A Kid’s Unfulfilled Colouring-In Book
I was at a the house of a friend who has a 5 year old daughter the other day, and watched as the girl painstakingly coloured in every single section within the lines, to create a beautiful fluoro-pink and purple rendition of ScoobyDoo.
Her little 3 year old brother, on the other hand, much like my own son, scribbled all over the drawing as though it were a blank sheet of paper. He completely violated the simple rule of the book…colour in the pictures within its clearly defined & inked boundaries. Its not that it was intentional…apart from his lack of fine motor skill with a texta, he just didn’t see the ‘boundaries’.
That’s kids, isn’t it? We exist as beings of light that are everywhere and everything, then get born into a human body container with boundaries, and a world with social norms and boundaries, and have to learn all about being finite and limited in a world of boundaries (then we all have midlife crises and find our way back to the truth 40 years later, but that’s another story).
Boundaries. Like the human rights & laws of the current time. Or the social norms of any given society, the particular etiquette of various regions and cultural groups. Or right down to the personal boundaries of each person and what they will and wont accept in their various relationships with others.
Our parents, if we get good ones, try their hardest to teach boundaries in order that we experience freedom and grow up to feel independent, empowered, autonomous and nurture our creativity. Because in order to navigate life, community and the current world, to form healthy connections with family, friends and lovers, in order that we be happy, we need boundaries. We need to know how to communicate what those boundaries are so that others know, and to respect the boundaries of others.

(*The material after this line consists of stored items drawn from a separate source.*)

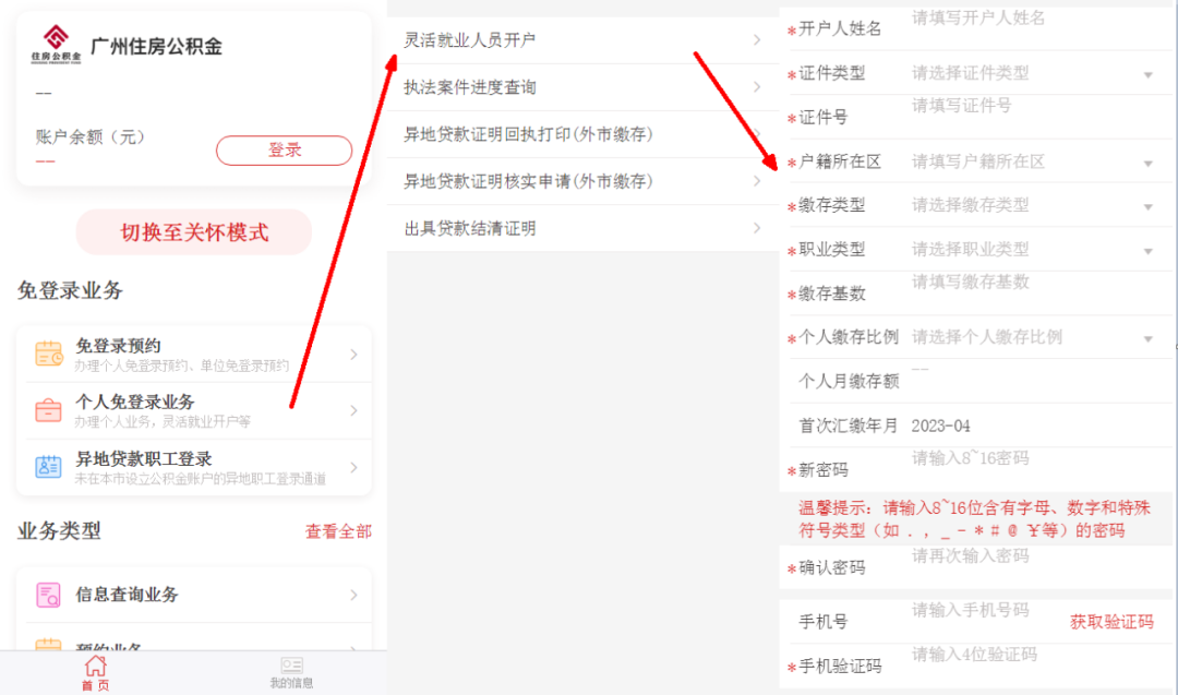 点击“查询办理”“个人免登录业务”“灵活就业人员开户”→填写开户信息。
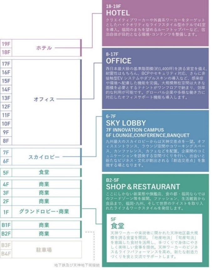 両社グループでは、今回の〈みずほ〉のワンビル出店を通じて、天神ビッグバンにおける都市機能の充実などに加え、天神明治通り街づくり協議会(MDC)が掲げる目標像 『アジアで最も創造的なビジネス街』 の実現に寄与してまいります。
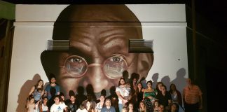 NexoDiario lo encontró trabajando cuando comenzaba a realizarlo en Derqui y Dorrego: 48 horas después, el artista junto al espacio holístico Aysén y vecinos del barrio, lo inauguraron.
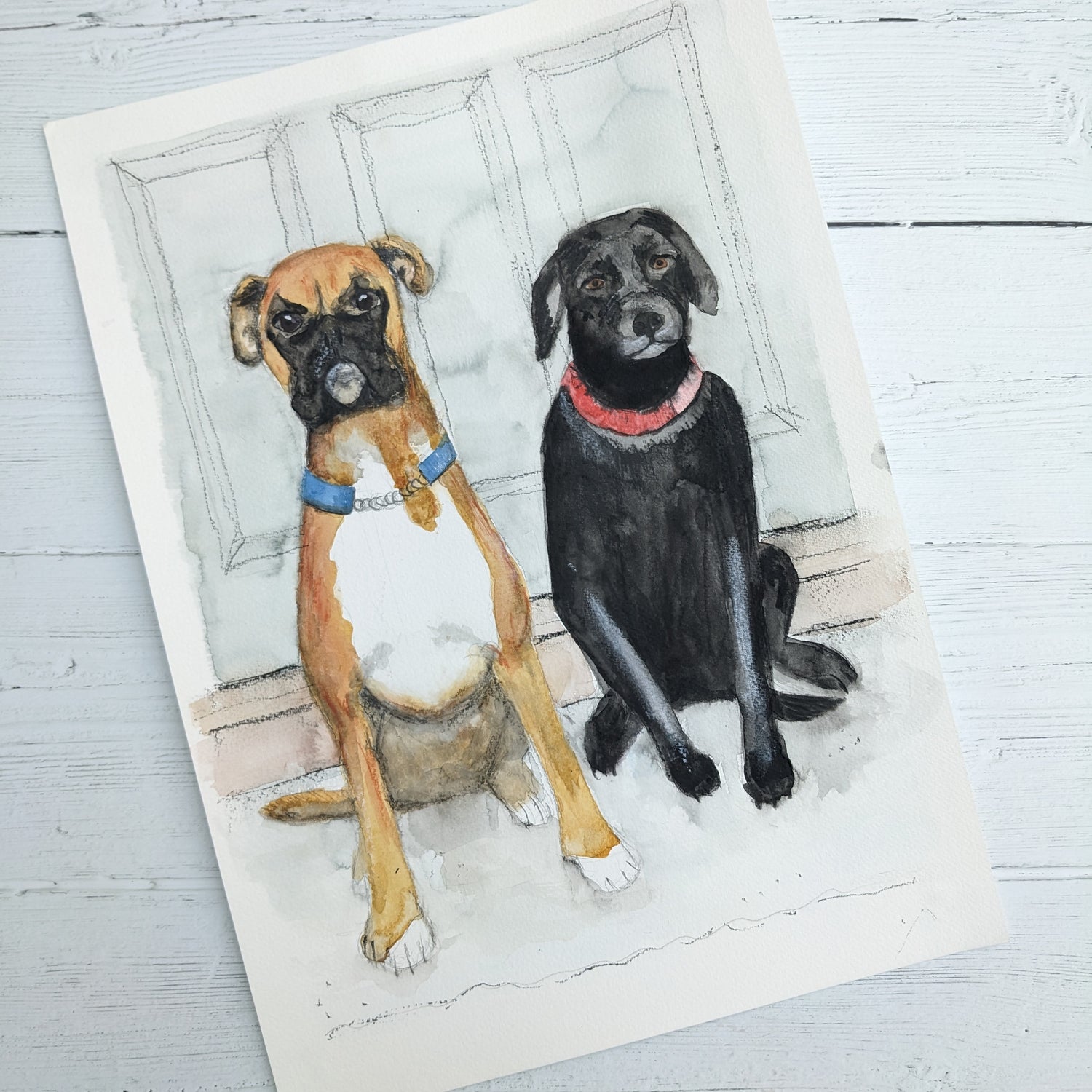 He had taken a photo of our family dogs which he loved, so why not make this into a gorgeous painting.
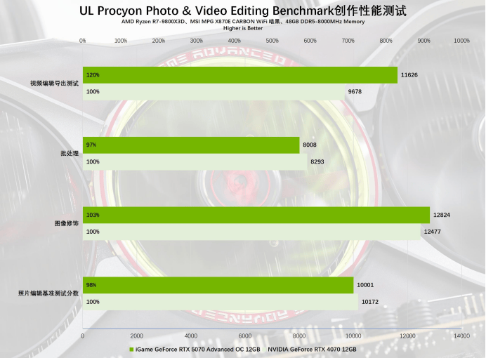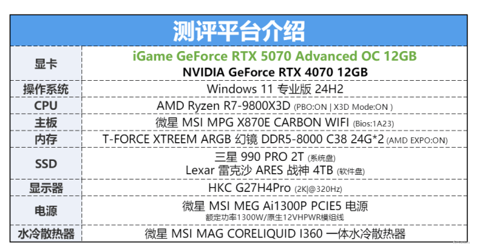 至于对标显卡方面,我们这次拿NVIDIA上代RTX 4070显卡与iGame RTX 5070 Advanced OC 12GB进行性能对比,分别对理论性能、游戏性能、DLSS性能、创作能力、AI性能,以及功耗等不同维度的表现。
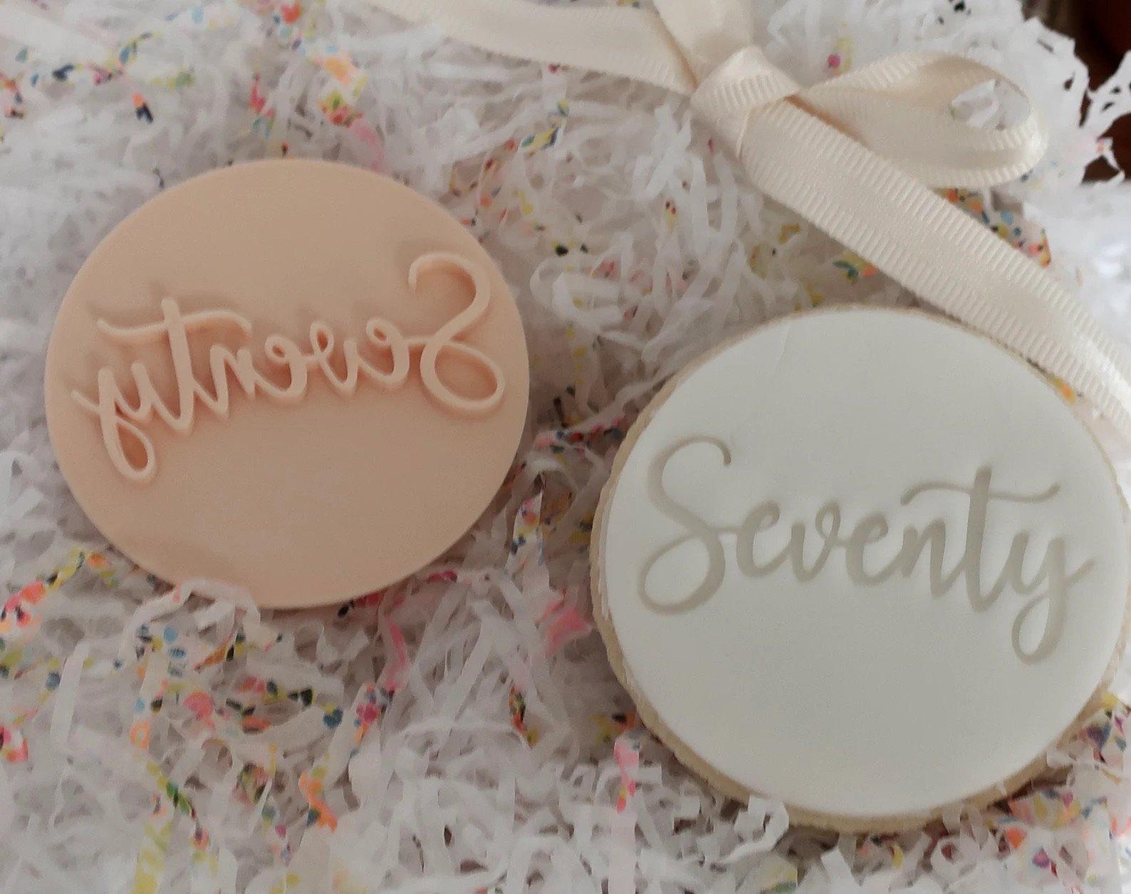 Dimensions - 60mm disc with stamp depth up to 4mm perfect for standard cookies and cupcake toppers.
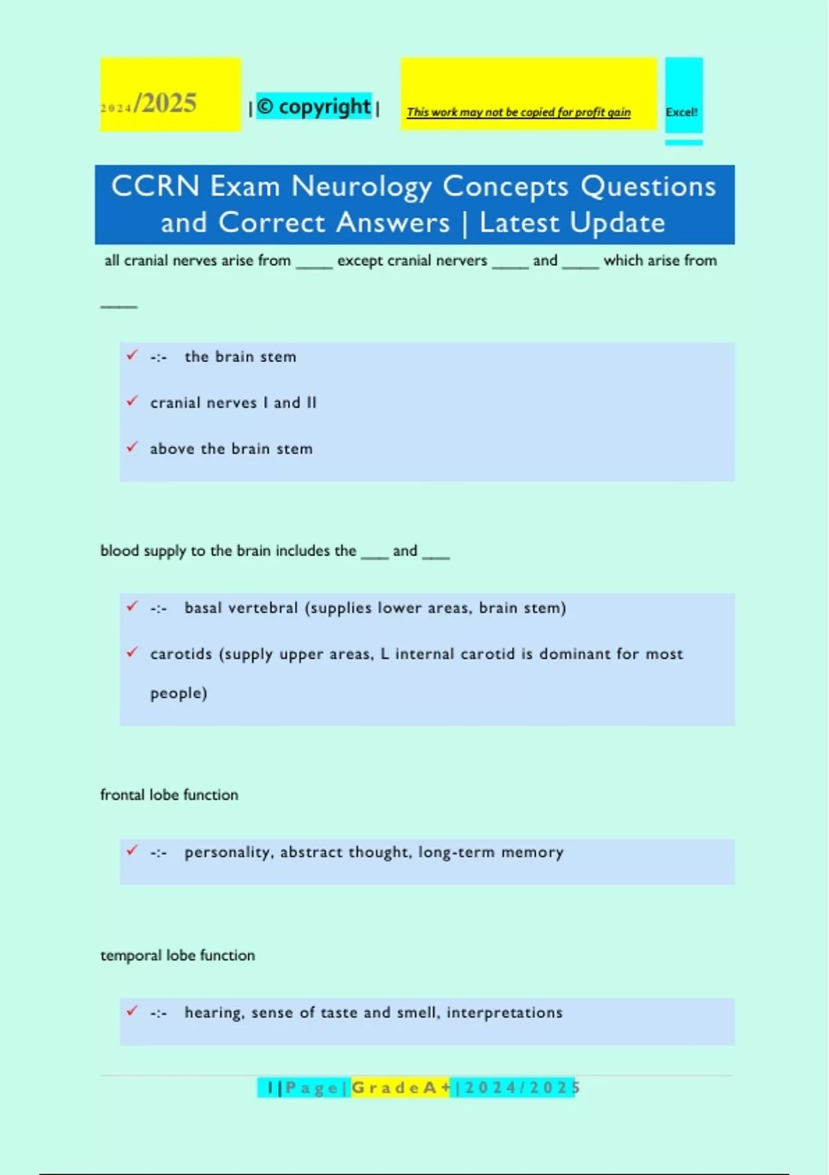 , 2024 /2025 | © copyright | This work may not be copied for profit gain Excel!
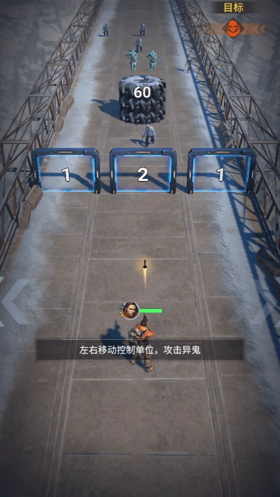 左右移动进行射击,你能够挑选对自己有利的方框,并且消灭僵尸。
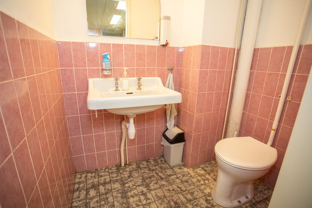 Aan de voorkant van het pand vindt u de entree van de winkel. De winkel zelf heeft een U-vorm en is voorzien van een toiletruimte, een pantry en een kantoorruimte.
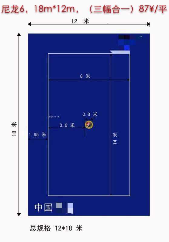 武術地毯:材質采用純進口尼龍六、紗羅布、背膠,規格采用國際標準三幅合一12米*18米,絨高0.8cm,克重量1100克/平,各種顏色都可訂做,出廠價107元/平。
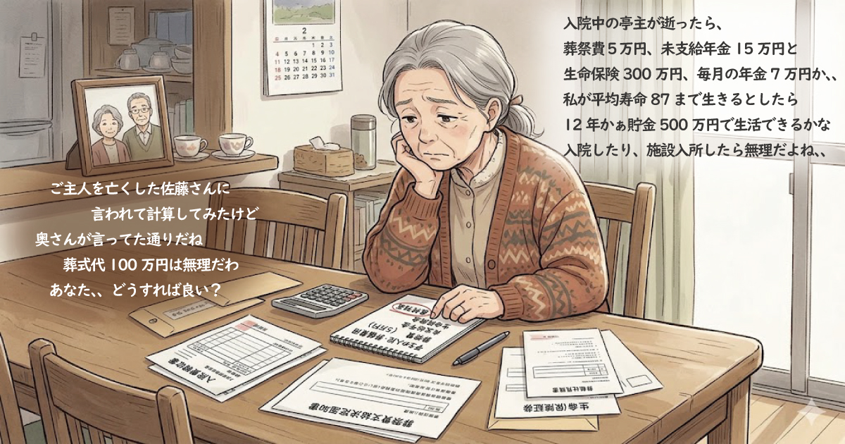 葬式代の心配は当然だけど、死後に入ってくるお金、出て行くお金、配偶者の逝去後は独居になる方、以後の生活を守る為にもしっかり試算しておきましょう。
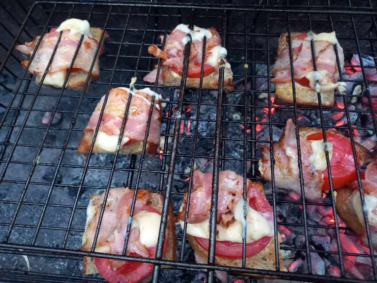 Всем привет! Сегодня на моем канале будет рецепт бутербродов, которые готовятся на мангале. Обычно после того, как приготовили шашлык остаются еще достаточно хорошие угли, которые прогорают в пустую. Вот такие угли идеальны для приготовления бутербродов на решетке. В данных бутербродах вкусовое сочетание ингредиентов, я считаю без проигрышное. Хлеб и бекон получаются хрустящие, помидор очень сочный, а сыр тягучий. Готовить не сложно и быстро. Дети "смели" эти бутерброды за две минуты, взрослым практически не досталось. Способ приготовления: Хлеб,помидоры, сыр нарезаем ломтиками. Ломтики должны быть толщиной от 0,5мм. Больше можно, меньше нет, т.к. ингредиенты подгорят. Бекон вытаскиваем из упаковки. Каждый кусочек хлеба смазываем тонким слоем майонеза. Затем на хлеб по верх майонеза выкладываем ломтик помидора. На помидоры раскладываем ломтики сыра Каждый бутерброд оборачиваем полоской бекона. Выкладываем бутерброды на решетку. Решетку закрываем. Устанавливаем решетку на мангал

As someone who has had to learn the hard way what healthy boundaries are, well into my adulthood, I do vouch for their importance. There are some really mean and selfish people out there. Yeah, I know that everyone reviews their own life after they die – and for some who were particularly cruel or awful that can be a kind of hell – and in that life-review, any person who has hurt me will feel what I felt, and truly understand (sorry for going esoteric on you, I’m done now). But my boundary now is that if someone can’t recognise that their actions hurt me and say sorry in the here and now of life – regardless of blame or pesky details – then there’s no respect and so until there is, they’re out of my circle. Brene Brown puts it succinctly;
Anyhoo, back to the colouring-in books. So as you can imagine, I felt so sorry for the characters on the pages, staring up at their childish owners, crying out for their own boundaries to be seen and acknowledged. Crying out for skin or fur tones, bright clothing, green flower stems and multicoloured petals. My heart broke, as I thought of the hundreds of thousands of colouring books over the century, who had never had even one of their pages reach its full potential.
But then I thought, their true symbolic meaning, of boundaries and how they can actually create a sense of colour and beauty when respected, is a valuable life lesson – and a child slowly but surely learning the Golden Rule of various colouring-in books, holds him/her in good stead for the rest of life. Boundaries.
Thankyou colouring-in books. Thankyou for your sacrifice.